§ TASK GOAL
The task calls for the line containing "它们都是3、 5、 6的公倍数。姥姥、姥爷和姑奶奶在这样的天数都会三个人一起齐刷刷地现身!" and all later lines, through the end of the entries below, to be set down exactly and without pictures.

++++

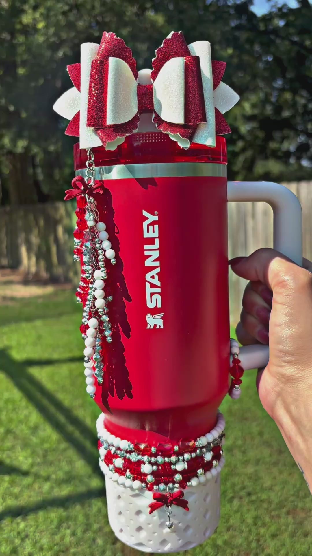 *Straw Dangle has acrylic attachment that slides down over straw which stays down and in place with a straw topper bow over the top. Fits 10mm straw. Spout option has loop to loop around spout.
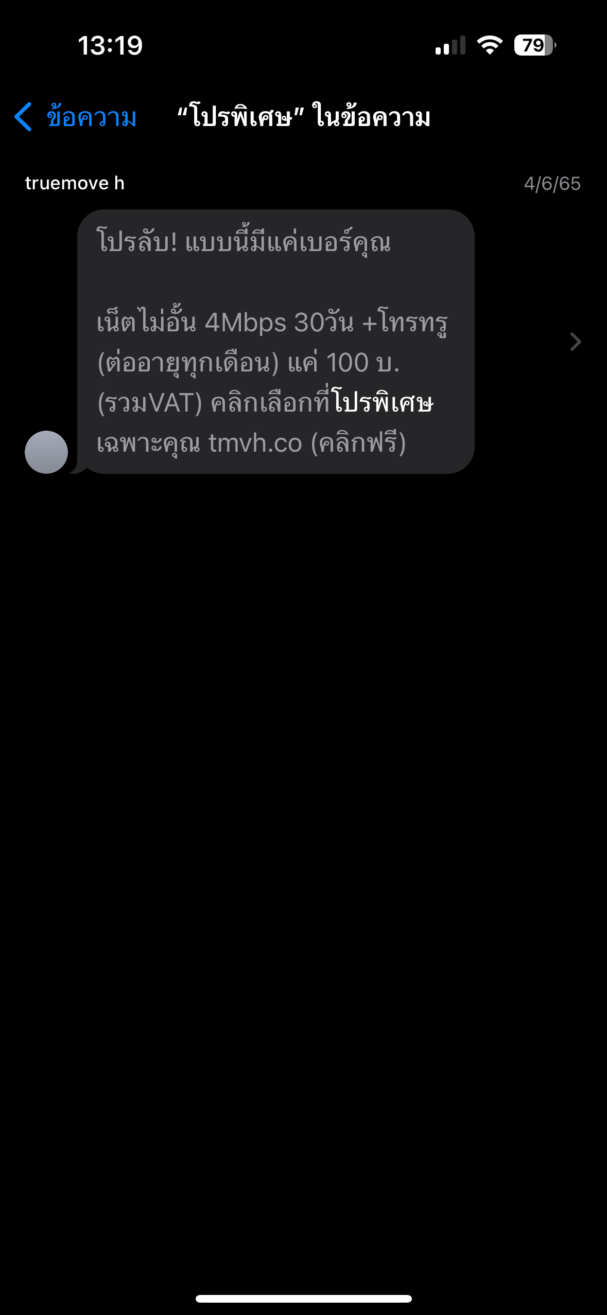 คือเมื่อวาน (12 ส.ค. 68) ดันไปกดสมัครแพ็กเกจเสริมไปโดยไม่ได้ตั้งใจ สรุปข้อความใน sms เด้งมาว่า : “แพ็กเกจ เน็ตเต็มสปีดไม่จำกัด 30วัน 399บาท เริ่มใช้งานได้ตั้งแต่วันที่ 11/09/2025 เวลา
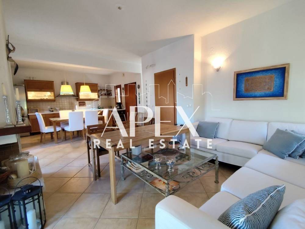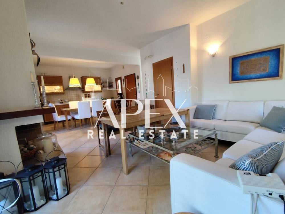 Golden Visa approved. Luxuriously built maisonette with unlimited sea view 190sq.m. net, for sale in the area of Fourka. It is spread over three levels and an attic. It consists of three spacious bedrooms, a bright open plan kitchen with living room, two bathrooms and a WC. The first level (approximately 85sq.m.) is autonomous and can be converted into a ground floor apartment. It is furnished, has electrical appliances, a fireplace, a private garden, large verandas and two parking spaces. It is situated in an ideal location close to the beach, beach bars, and supermarket.
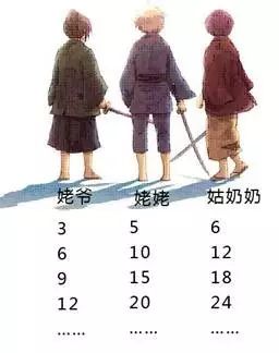 它们都是3、 5、 6的公倍数。姥姥、姥爷和姑奶奶在这样的天数都会三个人一起齐刷刷地现身!
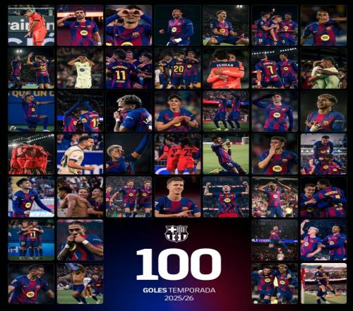 這也是巴薩本賽季打進(jìn)的第100粒進(jìn)球!
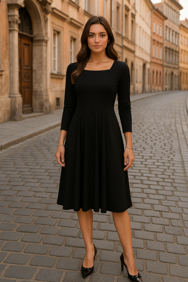 Kadın Kare Yaka Truvakar Kol Fırsat ürün Midi Boy Elbise
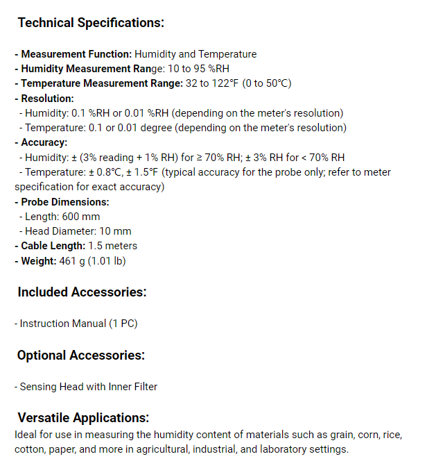 MS-71P濕度含量探頭旨在提供各種材料中濕度的準確可靠測量,是農業、工業和實驗室應用中不可或缺的工具。
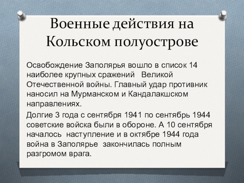 крупных сражений Великой Отечественной войны. Главный удар противник наносил на Мурманском и Кандалакшском направлениях.

++++

§ RESPONSE
 它们都是3、 5、 6的公倍数。姥姥、姥爷和姑奶奶在这样的天数都会三个人一起齐刷刷地现身!
 這也是巴薩本賽季打進(jìn)的第100粒進(jìn)球!
 Kadın Kare Yaka Truvakar Kol Fırsat ürün Midi Boy Elbise
 MS-71P濕度含量探頭旨在提供各種材料中濕度的準確可靠測量,是農業、工業和實驗室應用中不可或缺的工具。
 крупных сражений Великой Отечественной войны. Главный удар противник наносил на Мурманском и Кандалакшском направлениях.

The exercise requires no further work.